- Born: 1931 Peshawar, Pakistan
- Origin: Khyber Pakhtunkhwa
- Died: 23 May 1980 (aged 48–49) Peshawar
- Occupations: Instrumentalist, Folk singer
- Instruments: Sarinda (Bowed string instrument) Related to Sarangi
- Years active: 19xx – 1980
- Awards: Pride of Performance Award by the President of Pakistan in 1978

= Munir Sarhadi =

Pakistani musician

Munir Sarhadi (1931 – 23 May 1980) was a Pashtun-Pakistani instrumentalist, sarinda player and folk singer. As a musician, he represented Pakistan in several countries. In 1978, Munir was the recipient of the Pride of Performance, the highest civil award conferred by the Government of Pakistan.

==Early life and career==
Munir Sarhadi was born in 1931 at Peshawar, Khyber Pakhtunkhwa. He was primarily playing the sarinda despite his parents wishing him to play a non-bowed string instrument. His father refused to teach him the traditional musical instrument in an effort to persuade him to play the string instrument besides sarinda. Munir was persistent in his pursuit of sarinda and later became quite good in playing it. He used to perform at many music festivals and music concerts. He was in great demand due to his skills all over Pakistan.

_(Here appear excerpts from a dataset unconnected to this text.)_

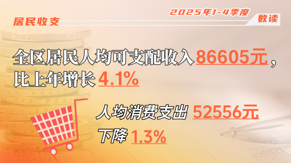 2025年全区居民人均可支配收入86605元,比上年增长4.1%。人均消费支出52556元,下降1.3%。
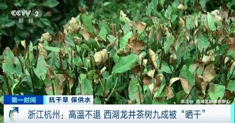 持续的高温让西湖龙井茶树出现连片的焦黄、卷曲,茶农告诉记者,茶树最适合生长的温度是10-25摄氏度,连续的强光照射、高温干旱8-10天,茶树就会出现日灼病。
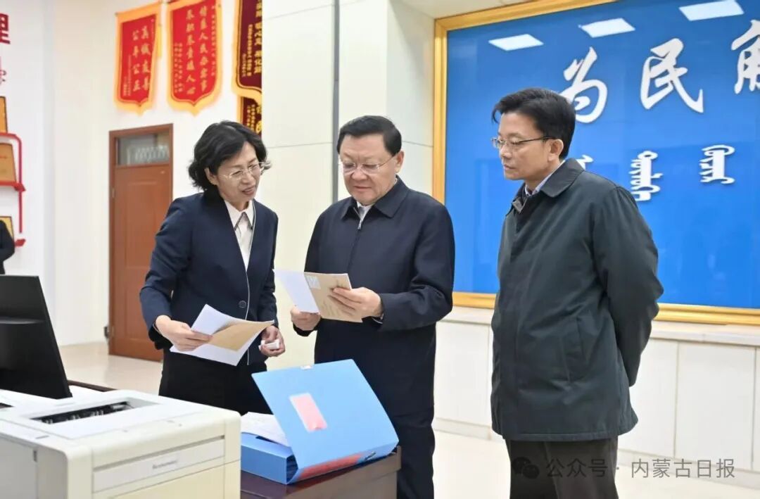 12月17日,自治區(qū)黨委書記王偉中走進(jìn)信訪接待大廳,聽取有關(guān)工作匯報(bào),了解群眾來(lái)訪接待和群眾來(lái)信辦理情況,并與一線信訪干部深入交流。草原云·內(nèi)蒙古新聞網(wǎng)記者 馬建兵 攝
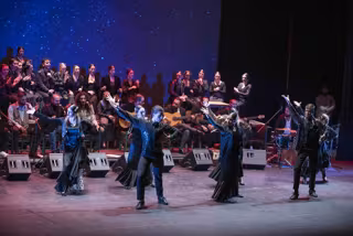 Con una puesta en escena sobria y elegante, con un telón de cielo estrellado como fondo y una 'candela' en el cuerpo central de los tres grupos de baile repartidos detrás de la primera línea de cantaores, palmeros y músicos, el Auditorio Municipal Maestro Padilla de Almería recibió en la noche de este viernes el abrazo y el calor de 'Chanqueños pa' Belén en familia'.
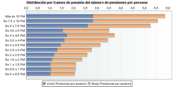 Pensionistas, percepciones de pensiones y pensiones medias por sexo y tramo de pensión
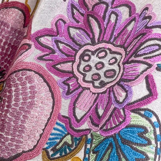 Mimosa Lightweight Wool & Silk Allie Hand Embroidered Narrow Stole (White)
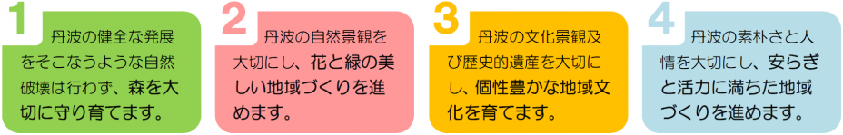 丹波の自然と文化は、現在及び将来にわたる住民共有の財産であって、これを維持発展させることは私たちに課せられた重大な責務です。
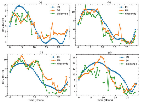 The foF2 is an important parameter in the ionosphere, and it is related to the peak electron density. In order to illustrate the influence of the assimilation model on peak electron density, Figure 8 shows the comparison of the foF2 variation at CP (a) and ZL (b) on 1 January 2015, and at MH (c) and FK (d) on 17 March 2015. Compared with the digisonde observations at these four stations, the RMSE (root mean square error) of the IRI model is 1.63 MHz, 1.28 MHz, 1.33 MHz, and 3.25 MHz, while the RMSE of the assimilation results is 0.84 MHz, 0.98 MHz, 1.12 MHz, 2.76 MHz, respectively, whose average RMSE is decreased by 0.44MHz. As presented in Figure 8, foF2, after assimilation, is closer to the digisonde observations. The changing trend of the IRI modeling results is consistent with the digisonde observations; however, it cannot accurately describe the changed details of the foF2. This result demonstrates that the assimilation model can effectively improve the accuracy of the electron density peak of the background model and can obtain more details.
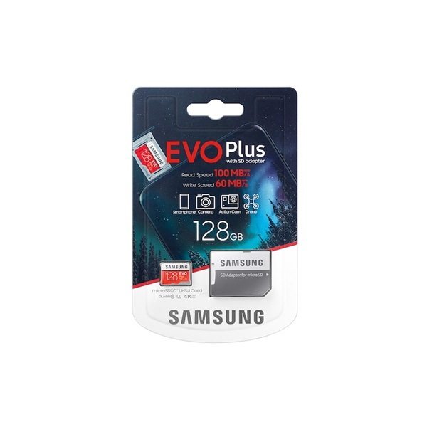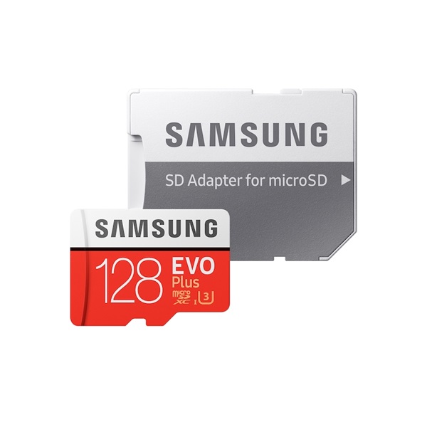 - بطاقة ذاكرة سامسونج EVO Plus microSD سعة ١٢٨ جيجابايت مع محول إس دي، ١٠٠ ميجابايت / ثانية
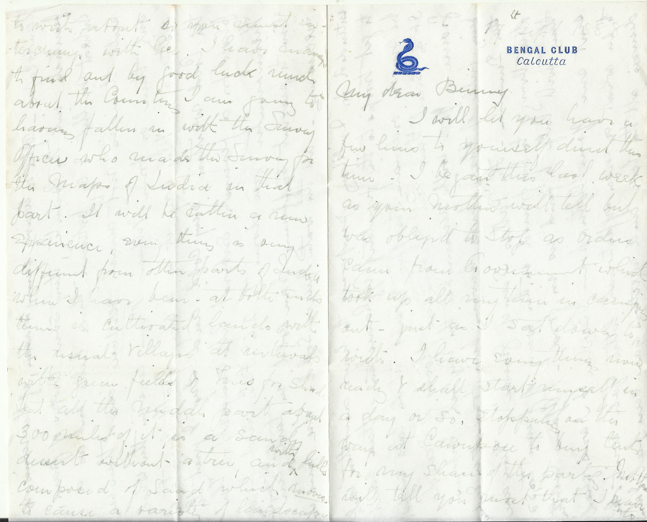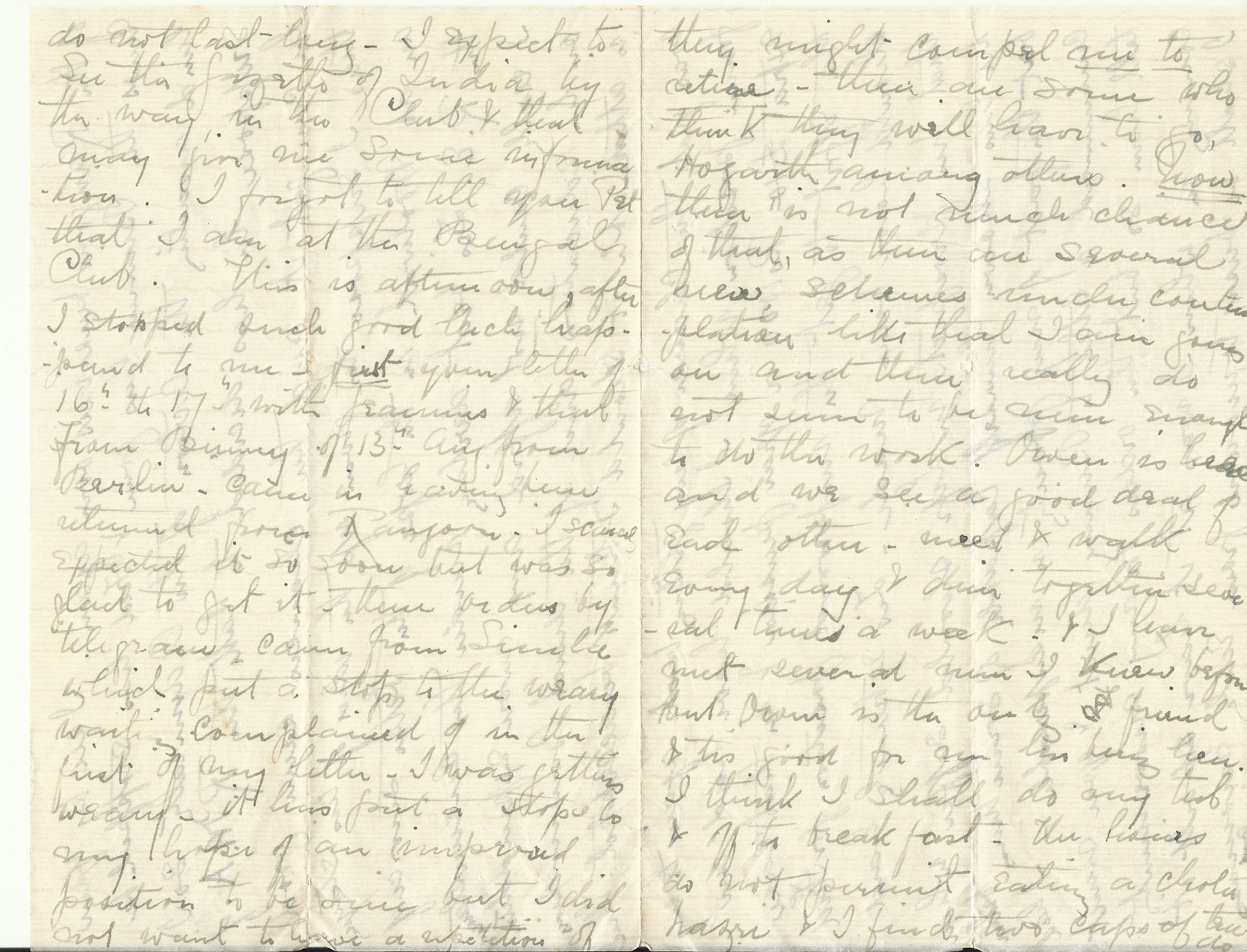 I think, I shall do my tub, & off to breakfast. The hours do not permit eating a chota hazri, & I find, two cups of tea do not last long. I expect to see the Gazette of India, by the way, in the Club, & that may give me some information. I forgot to tell you, Pet, that I am at the Bengal Club.
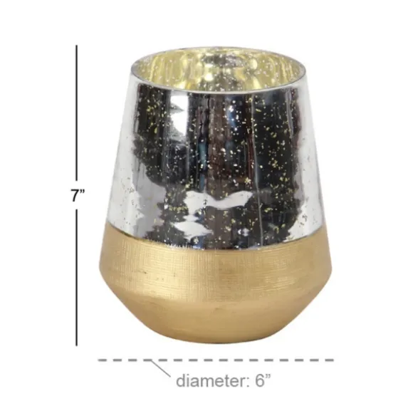 Give Any Space A Touch Of Glamour With This Silver And Gold Pillar Candle Holder. Paired With A Candle, Its Beautiful Style Will Make Your Home Shine! Holder Measures 7H X 6 In. In Diametercrafted Of Glass Round, Tapered Designsilver And Gold Finishspeckled Accentsaccommodates One (1) Of Pillar Candle; Candle Sold Separatelycare: Dust With A Soft, Dry Cloth.This Item Is Available At Kirklands.Com Only, Not Available In Stores. Please Note: This Item Cannot Be Shipped To Apo/Fpo Addresses.
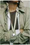 Made from pure silk, this scarf redefines the way you wear your pendant. Its fluid texture and subtle sheen gives a refined softness to any look. Whether tied neatly at the neck or worn loosely, it brings a modern, understated edge to your jewelry styling.
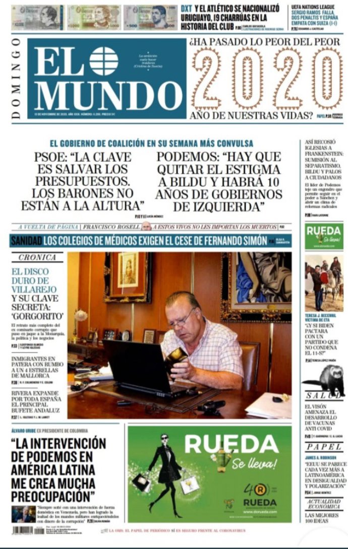 EL MUNDO: "PSOE: 'La clave es salvar los Presupuestos, los barones no están a la altura"; "Podemos: 'Hay que quitar el estigma a Bildu y habrá 10 años de Gobiernos de izquierda'"; "El disco duro de Villarejo y su clave secreta: 'Gorgorito'".
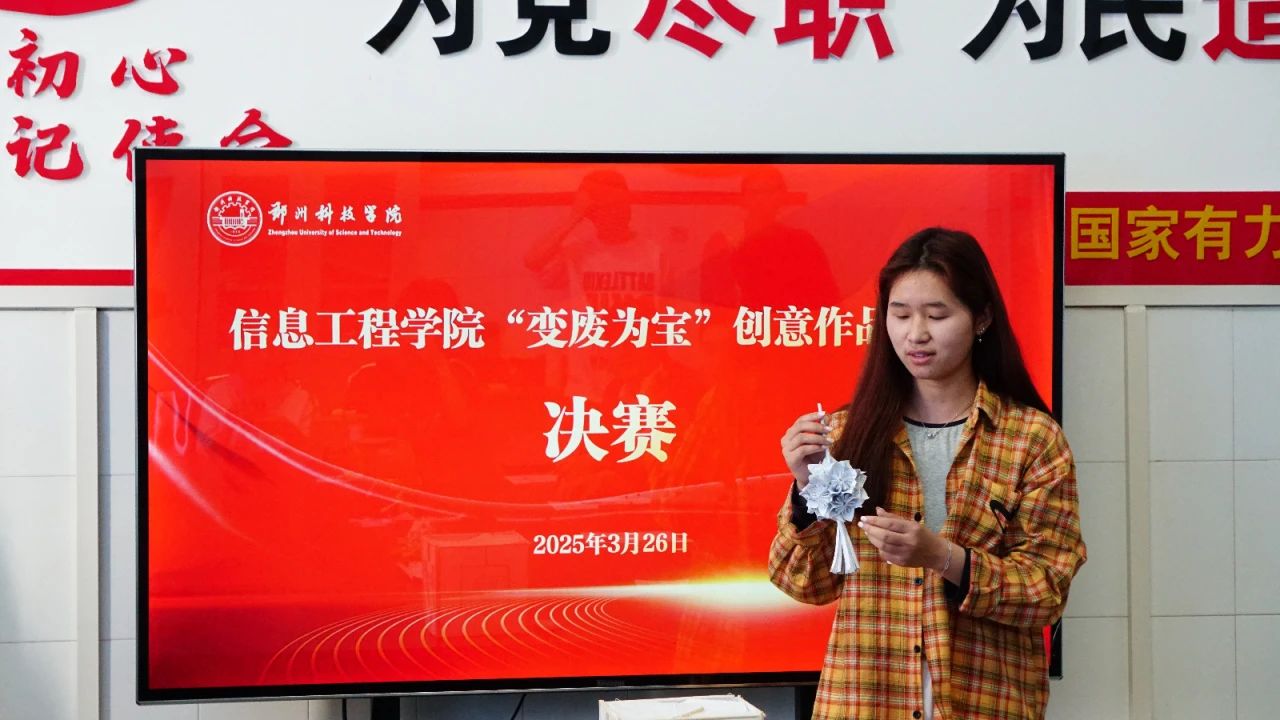 在“文明礼貌月”的春风里,信息工程星空(中国)“变废为宝”创意改造大赛决赛3月26日在综北511会议室成功举办!本次大赛以“文明新风尚,环保我先行”为主题,吸引了全院学子积极参与,将废弃物品转化为兼具实用价值与艺术美感的作品,用实际行动诠释绿色发展的深刻内涵。

==Awards and recognition==
- Pride of Performance Award by the Government of Pakistan in 1978.

==Death==
Munir Sarhadi was passionate about sarinda musical instrument. He didn't earn much from his profession. His only source of income was his job at a broadcast network Radio Pakistan. The salary which was being offered to him, was inadequate to fulfil his medication requirements, and on 23 May 1980, he died in poverty at Peshawar, but died in a dignified manner.